First-principles study on field evaporation for silicon atom on Si(001) surface

TL;DR

This study uses first-principles simulations to analyze field evaporation of silicon atoms on Si(001) surfaces, revealing the electric field thresholds and the importance of bond strength over local field effects.

Contribution

It provides a first-principles computational insight into the electric field-induced atom evaporation process on Si(001) surfaces, aligning with experimental data.

Findings

Atoms on flat and stepped Si(001) surfaces are easily evaporated under electric fields.

Threshold electric field for evaporation is between 3.0 and 3.5 V/Å, matching experimental results.

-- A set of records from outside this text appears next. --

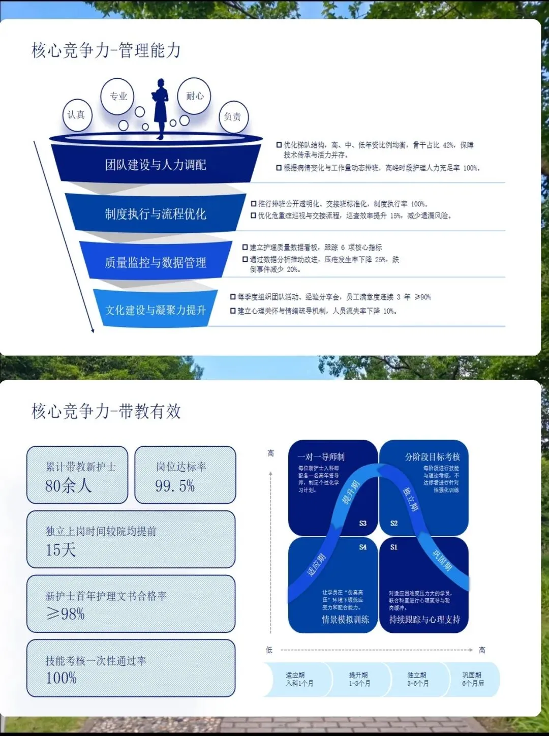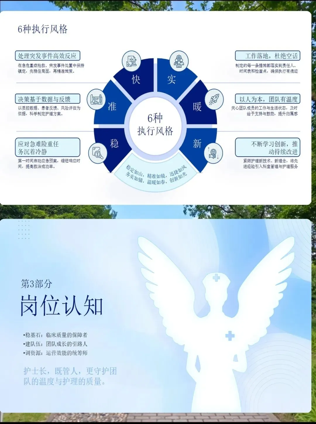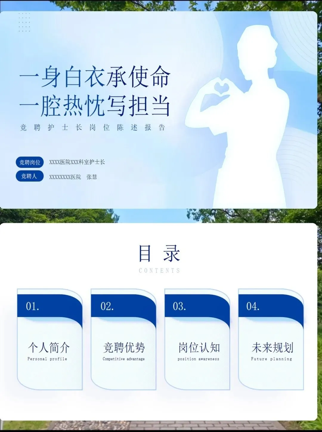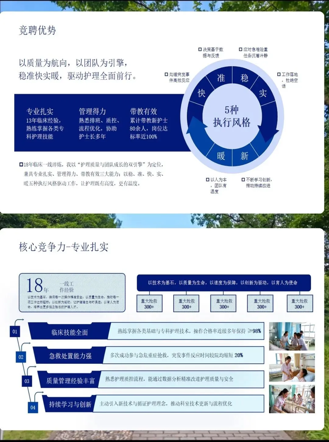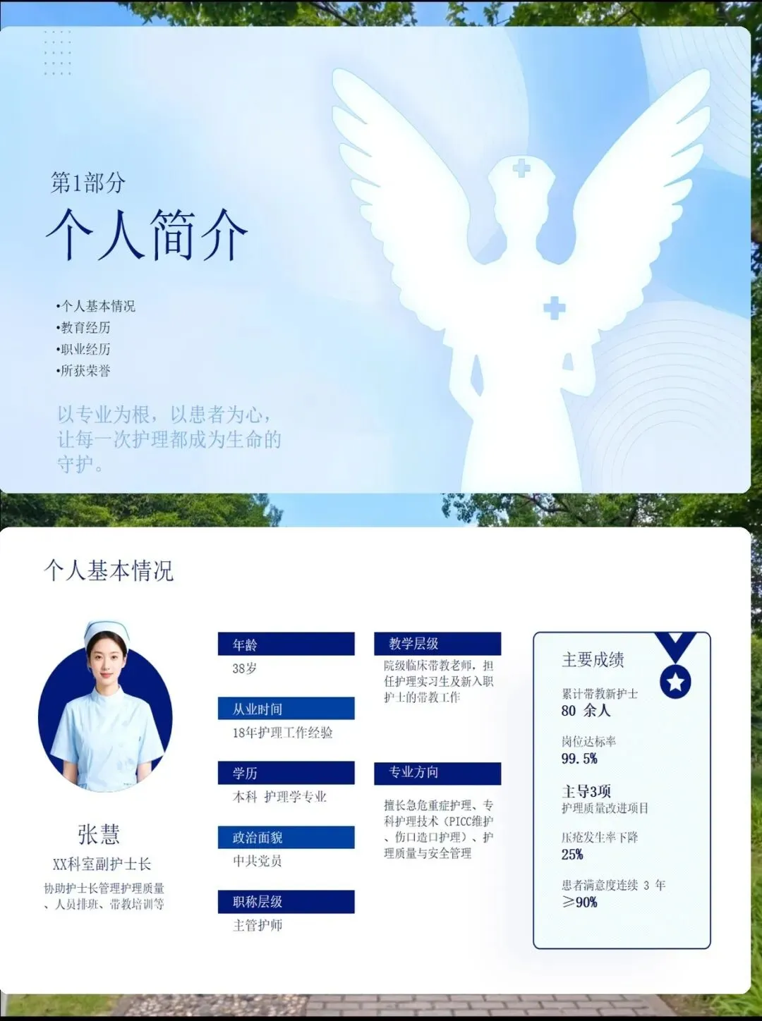 从白衣天使到护理领航人:一位护士长的成长之路 以初心为灯,以专业为桨,带领团队驶向更高质量的护理彼岸 各位评委老师、同事朋友们: 大家好!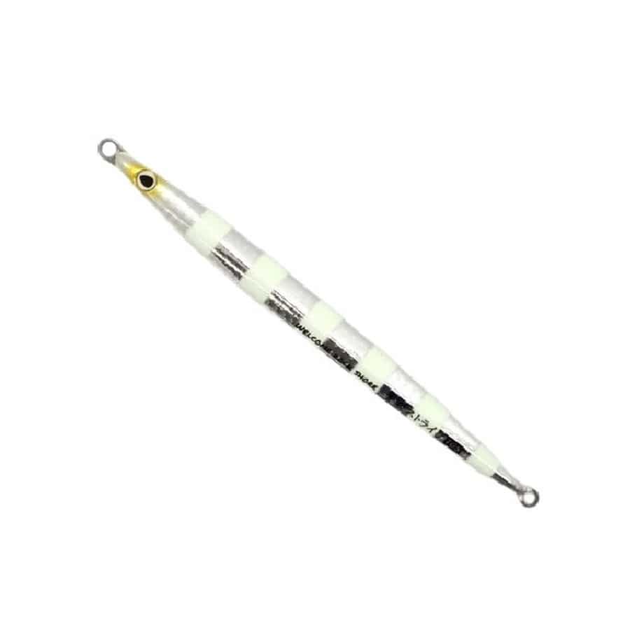 ただ頑強なだけじゃない。大型青物迎撃ロング。1,変型防止のステンレス鋼板「タフボーン」内蔵です。ワイヤーではありません。2,塗装は耐衝撃仕様です。磯にぶつかった箇所のみが凹むことを目指しています。3,「スライド」→「浮遊」→「水平フォール」の移行がスムーズです。通常のジグよりも大型青物に見切られることなくバイトを得やすくなっています。4,ジグのエッジに丸みを持たせ、フォール時のスライスを排除。フォールから着底までの迅速さはシリーズ最速です。150グラムなら激流帯ではプラス30グラムのフォール感覚です。5,飛距離へのこだわりは撃投シリーズ15年の蓄積。飛行姿勢(=飛距離)はロングジグでは類を見ない感覚です。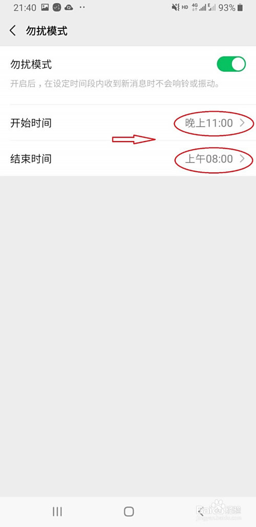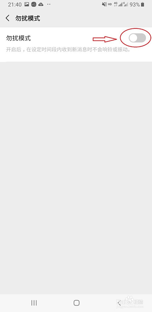 进入界面后,点击“勿扰模式”右侧按钮,按钮酿成绿色则暗示开启勿扰模式。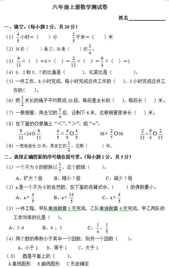 宁波奥数网:宁波小学六年级期中考试马上就要到了,大家也开始为期中考试着手复习。宁波奥数网小编为大家整理了一些六年级人教版小学试题。希望对大家有所帮助。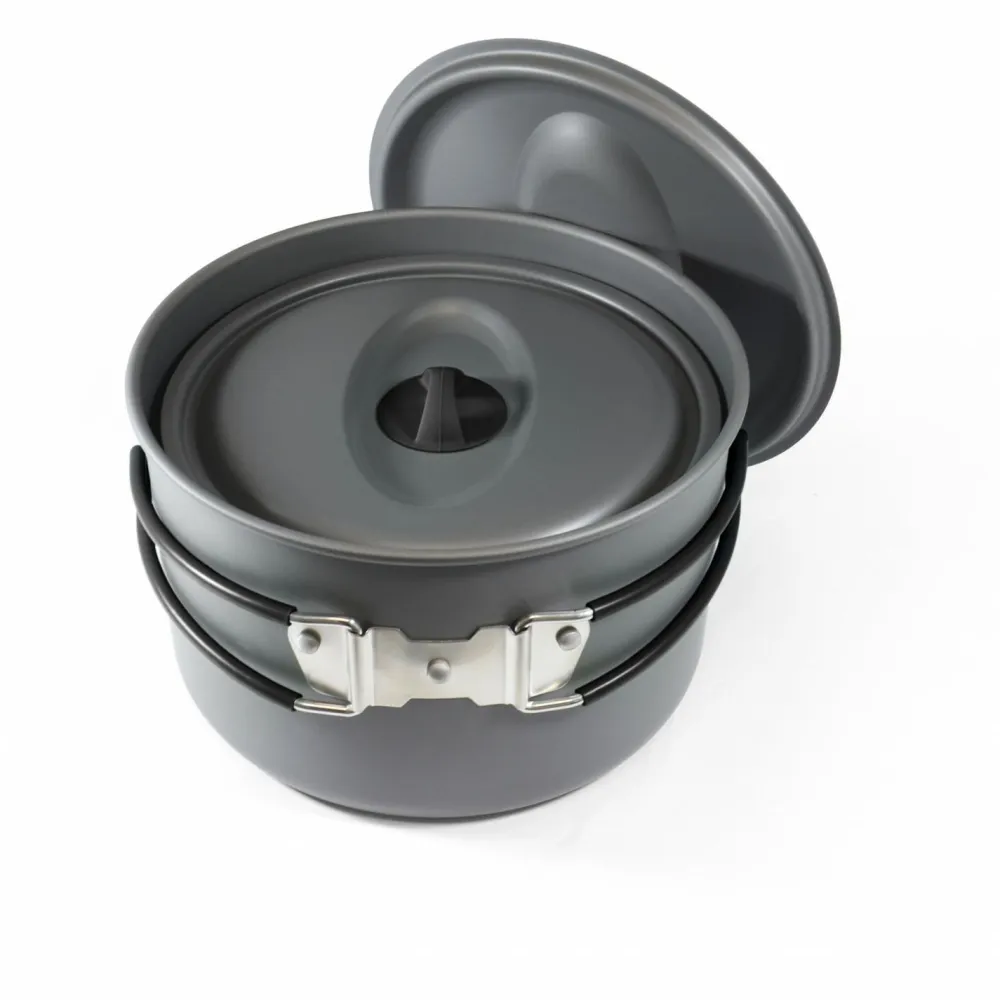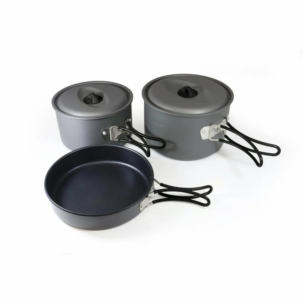 Das Biwak Topfset Family von Origin Outdoors ist ein sehr leichtes und kompaktes Set zum Campen! Darin enthalten sind zwei Töpfe und eine Pfanne. Die gummierten Klappgriffe bieten sicheren Halt beim Kochen. Platzsparend wird alles gestapelt im Netzbeutel verstaut.

Local field effects are less important than bond strength in atom evaporation.

Abstract

The simulations of field-evaporation processes for silicon atoms on various Si(001) surfaces are implemented using the first-principles calculations based on the real-space finite-difference method. We find that the atoms which locate on atomically flat Si(001) surfaces and at step edges are easily removed by applying external electric field, and the threshold value of the external electric field for evaporation of atoms on atomically flat Si(001) surfaces, which is predicted between 3.0 and 3.5 V/\AA, is in agreement with the experimental data of 3.8 V/\AA. In this situation, the local field around an evaporating atom does not play a crucial role. This result is instead interpreted in terms of the bond strength between an evaporating atom and surface.